Merci Coralie. De mémoire, je n'ai jamais vu de reportage sur les becs-ouverts. Leur répartition mondiale est restreinte puisque le Bec-ouvert indien ne vit que dans les basses-terres du sous-continent indien jusqu'en Asie du sud est, et que l'africain se retrouve seulement en Afrique (à partir du sud du Sahara) et à Madagascar. Et comme ils peuvent accompagner d'autres grands échassiers d'apparence similaire, ils peuvent facilement échapper à l'attention d'un oeil moins scrutateur des détails. Tant mieux si j'ai pu attirer votre attention sur ces oiseaux merveilleux.

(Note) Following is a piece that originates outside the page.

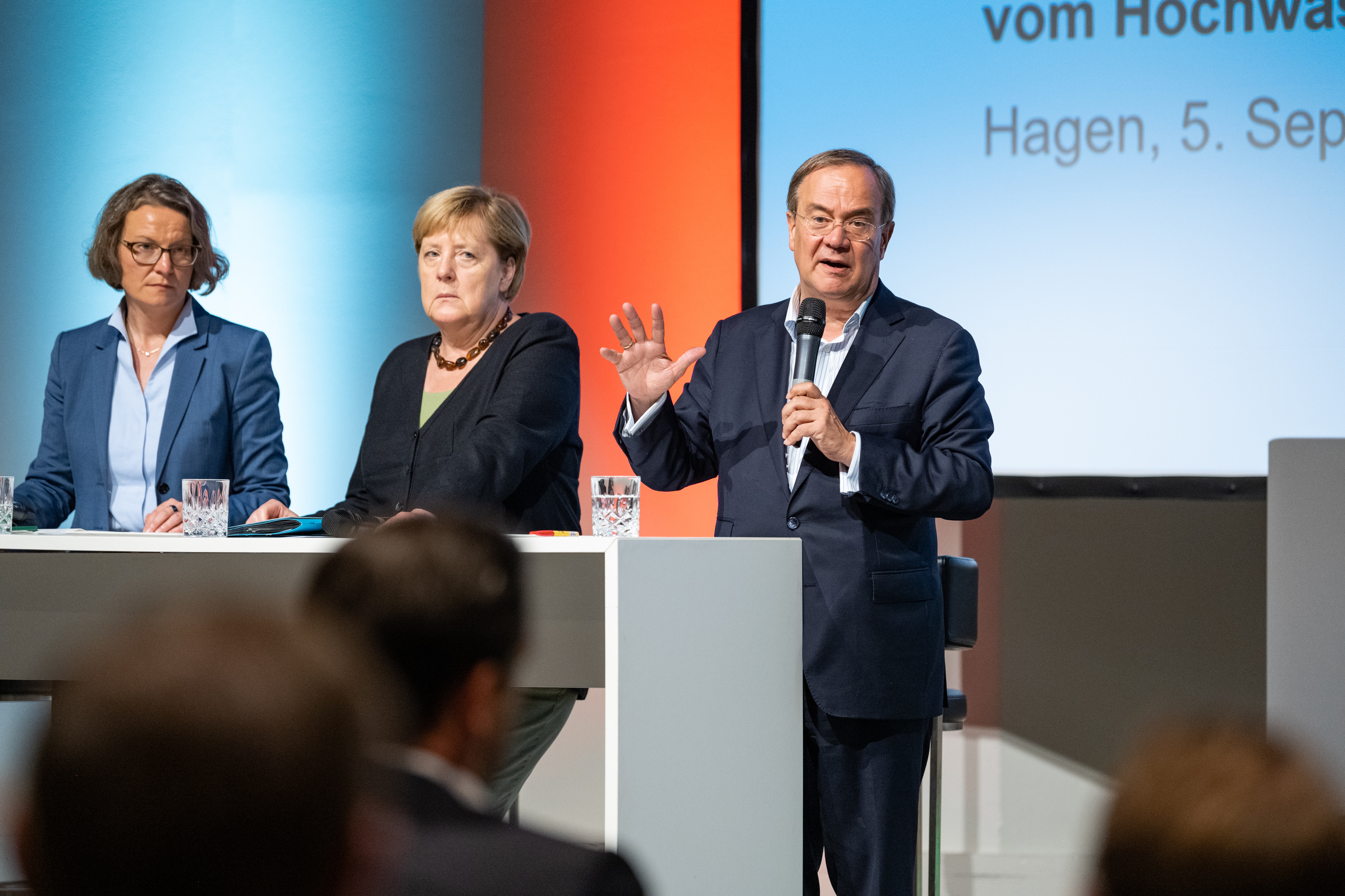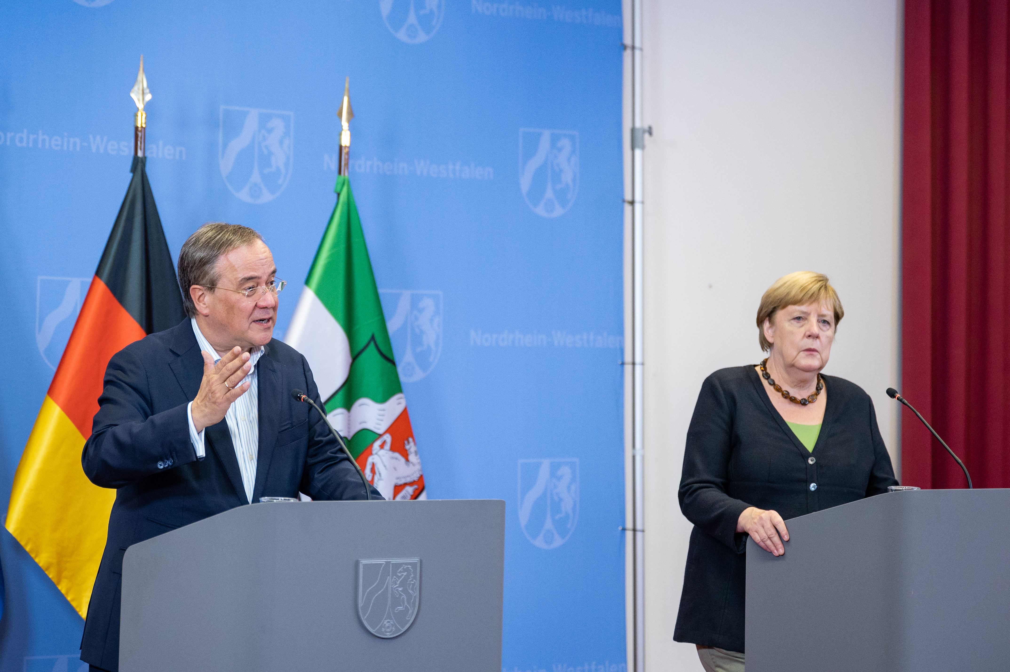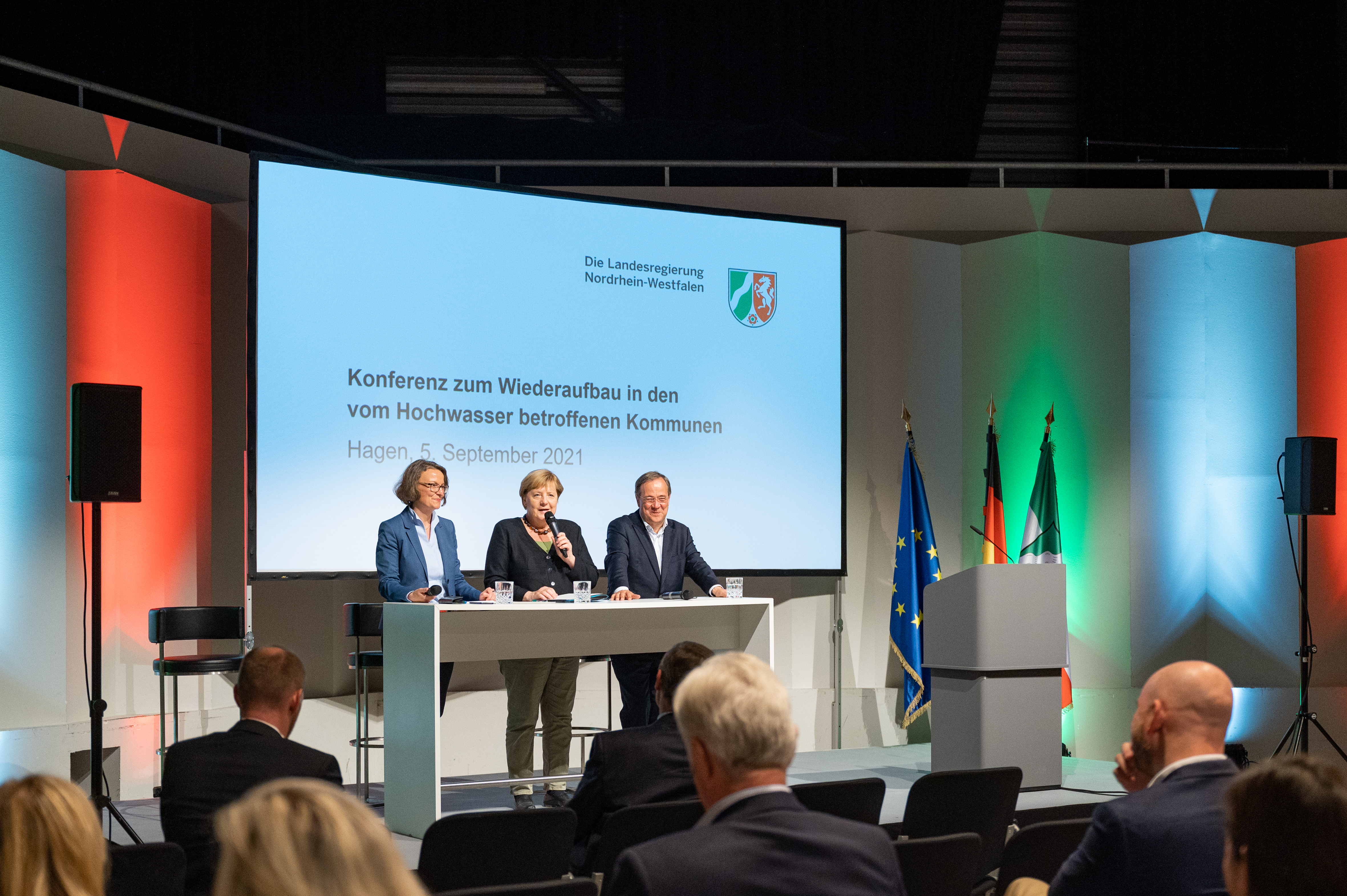 Bundeskanzlerin Angela Merkel und Ministerpräsident Armin Laschet besuchten erneut besonders von der Unwetterkatastrophe betroffene Gebiete in Nordrhein-Westfalen. Gemeinsam mit dem Wiederaufbau-Beauftragten des Landes Dr. Fritz Jaeckel reisten beide am Sonntag, 5. September 2021, ab 13.00 Uhr in den Märkischen Kreis und nach Hagen. Dort informierten sie sich über den Stand der Aufräum- und Wiederaufbauarbeiten und sprachen unter anderem mit Einsatzkräften. Anschließend nahmen die Bundeskanzlerin und der Ministerpräsident an einer Kommunalkonferenz zum Wiederaufbau in Hagen teil, zu der Vertreterinnen und Vertreter der Kommunen in den betroffenen Regionen eingeladen waren. Im Anschluss fand eine Pressekonferenz von Bundeskanzlerin und Ministerpräsident statt.

J'ai lu avec grande attention votre article sur ces becs très particuliers de certains oiseaux. J'ignorais l'existence de becs-ouverts.
Dans le monde des abeilles, il existe aussi des spécialisations : certaines ont une langue longue qui pénètre au fond de fleurs très fermées et longues et en parallèle des petits filous fendent la fleur à sa base pour se nourrir.
La nature est toujours passionnante dans ces petits détails!
Merci Lucie pour l'info donnée sur les abeilles. C'est intéressant de constater comment le phénomène de la convergence observée dans l'évolution des espèces peut s'appliquer à des ordres différents dans le monde animal. Et comme, à l'instar des oiseaux nectarivores, les insectes butineurs jouent un rôle important dans la pollinisation, c'était logique que les spécialisations soient du même ordre. On peut penser aussi aux chauves-souris qui ont su également se spécialiser. Merci d'avoir fait le rapprochement.